# How can I solve log(normalcdf(a-x)-normalcdf(b-x)) with cvx

(Ye Xue) #1

I’m solving an unconstraint cvx problem with object function “log(normalcdf(a-x)-normalcdf(b-x))” but cvx does not contain this function.

(Mark L. Stone) #2

I am presuming that x is your CVX (optimization) varable, and that a and b are constants.

CVX does have an approximation, log_normcdf , which is concave, and therefore can be maximized. But your objective is the log of the integral from b-x to a-x of the standard Normal density, which {superseded by edit below} is neither convex nor concave. Your only hope of using this in CVX might be to formulate a concave series approximation if maximizing, or a convex series approximation if minimizing. I have no reason to believe there is necessarily any such approximation which is adequate for optimization purposes.

Edit: In reply to subsequent post, the integral in question is neither convex nor concave, but its log appears to be concave in x.

(Ye Xue) #3

Thanks,but normalcdf(a-x)-normalcdf(b-x) is actually log concave (convolution of two log concave functions).So -log(normalcdf(a-x)-normalcdf(b-x)) is convex. Can I define this as my own convex function in cvx?

(Mark L. Stone) #4

Sorry. It appears you are correct.

If you find a way of implementing this function in CVX, exactly or to a good approximation, please post it. You can look at cvx/functions and cvx/functions/@cvx to see the current implementation and comments for log_normcdf.

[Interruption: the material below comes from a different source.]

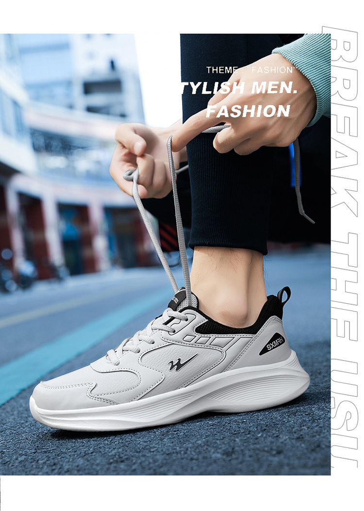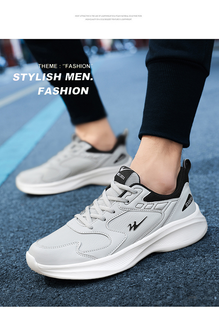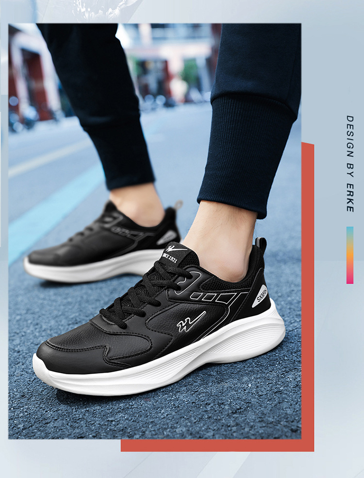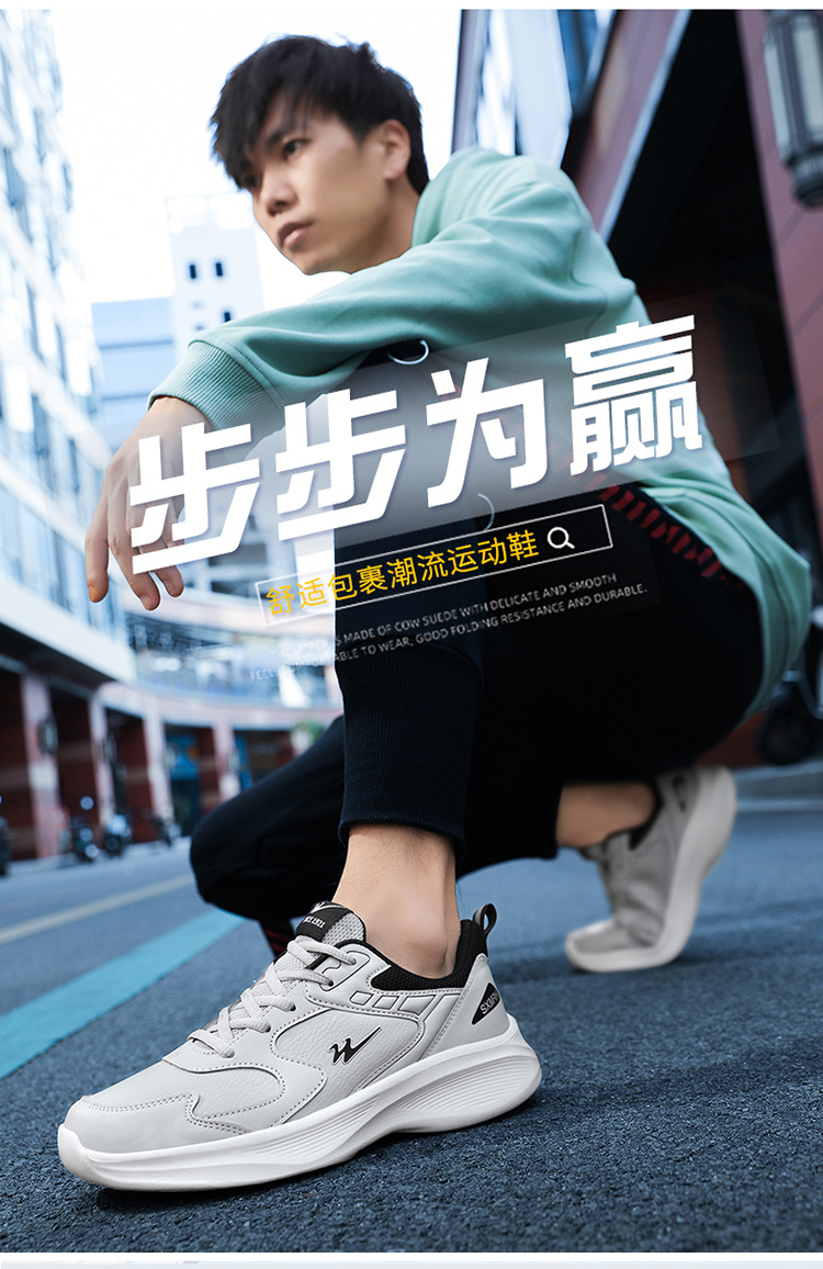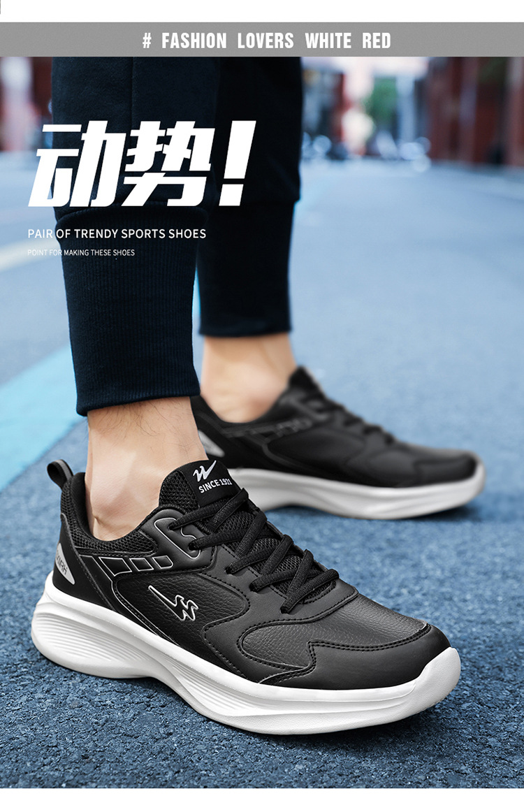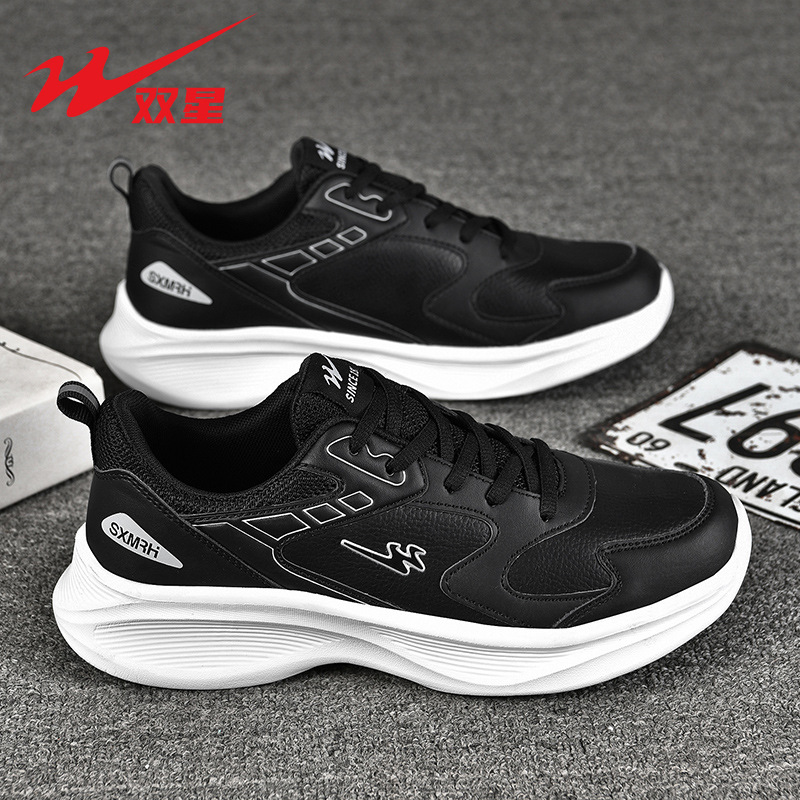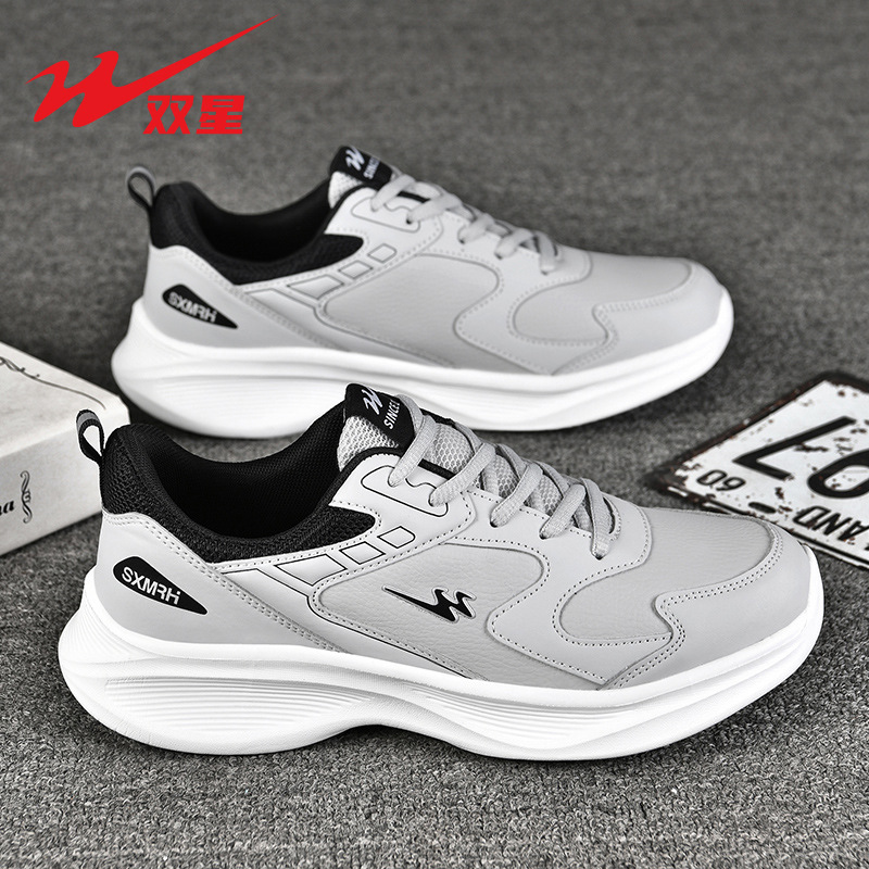 더블 스타 남성 신발 봄과 가을 새 가죽 방수 통기성 운동화 부드러운 바닥 미끄럼 방지 내마모성 패션 모든 매치 러닝화

I think you may be able to try a similar approach. The 2nd order Taylor series about x = c is concave due to the (x-c)^2 term having a negative coefficient. So perhaps you can use a piecewise quadratic approximation about different expansion points. I leave the details to you. I don’t know what the accuracy will wind up being, depending on the distance between expansion points.

(Michael C. Grant) #5

I’m certain you cannot represent this function exactly within CVX. To understand why, please see the FAQ that Mark linked to above. I generally do not recommend that users try to implement their own functions, especially if they require approximations. There’s a strong case to be made here that CVX is simply not designed to support problems such as yours.